August 15 - The Assumption of Mary is the Catholic religious belief that the Virgin Mary, mother of Jesus, did not die like everyone else but entered directly into the glory of God. Before being a dogma, the Assumption of Mary was a belief based on patristic tradition. In fact, no text in the New Testament evokes the end of Mary.
In the West, Gregory of Tours was the first to mention it, at the end of the 6th century. In 1638, King Louis XIII wanted an heir to consecrate France to the Virgin Mary under the title of her Assumption and asked his subjects to make a procession in each parish every 15 August in order to have a son. As Louis XIV was born the following year, the feast celebrated by the Vow of Louis XIII took on particular importance in France. In 1854, the proclamation of the dogma of the Immaculate Conception led to numerous petitions to Rome to officially define the dogma of the Assumption. From 1854 to 1945, eight million faithful wrote to this effect. To this must be added the petitions of 1,332 bishops and 83,000 priests and religious men and women.

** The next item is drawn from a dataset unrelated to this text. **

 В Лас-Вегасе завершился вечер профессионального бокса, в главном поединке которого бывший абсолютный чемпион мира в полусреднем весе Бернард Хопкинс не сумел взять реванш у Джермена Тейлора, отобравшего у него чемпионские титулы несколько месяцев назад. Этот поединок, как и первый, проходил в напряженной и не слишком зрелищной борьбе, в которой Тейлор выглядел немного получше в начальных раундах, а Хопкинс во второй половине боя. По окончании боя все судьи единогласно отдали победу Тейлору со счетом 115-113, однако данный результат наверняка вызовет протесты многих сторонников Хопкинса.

On November 1, 1950, the Assumption of Mary was defined as a dogma of faith by Pope Pius XII's Apostolic Constitution Munificentissimus Deus:
"By the authority of Our Lord Jesus Christ, of the Blessed Apostles Peter and Paul, and by Our own authority, We pronounce, declare, and define as a dogma divinely revealed that the Immaculate Mother of God, the Virgin Mary, having completed the course of her earthly life, was raised body and soul to heavenly glory". (Dogmatic Constitution Munificentissimus Deus, § 44).

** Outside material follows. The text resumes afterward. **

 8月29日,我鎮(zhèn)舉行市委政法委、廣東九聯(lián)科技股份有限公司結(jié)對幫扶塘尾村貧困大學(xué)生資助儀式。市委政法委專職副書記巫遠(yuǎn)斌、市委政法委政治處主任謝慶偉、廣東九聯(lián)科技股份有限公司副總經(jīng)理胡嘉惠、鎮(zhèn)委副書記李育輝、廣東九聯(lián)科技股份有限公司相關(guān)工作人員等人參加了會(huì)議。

Subsequently, the dogmatic constitution Lumen gentium of the Second Vatican Council of 1964 stated:
"Finally, the Immaculate Virgin, preserved from every stain of original sin, at the end of her earthly life, was raised to the glory of heaven in soul and body and was exalted by the Lord as Queen of the universe in order to resemble more perfectly her Son, Lord of lords and conqueror of sin and death". (Dogmatic Constitution Lumen Gentium on the Church, § 59).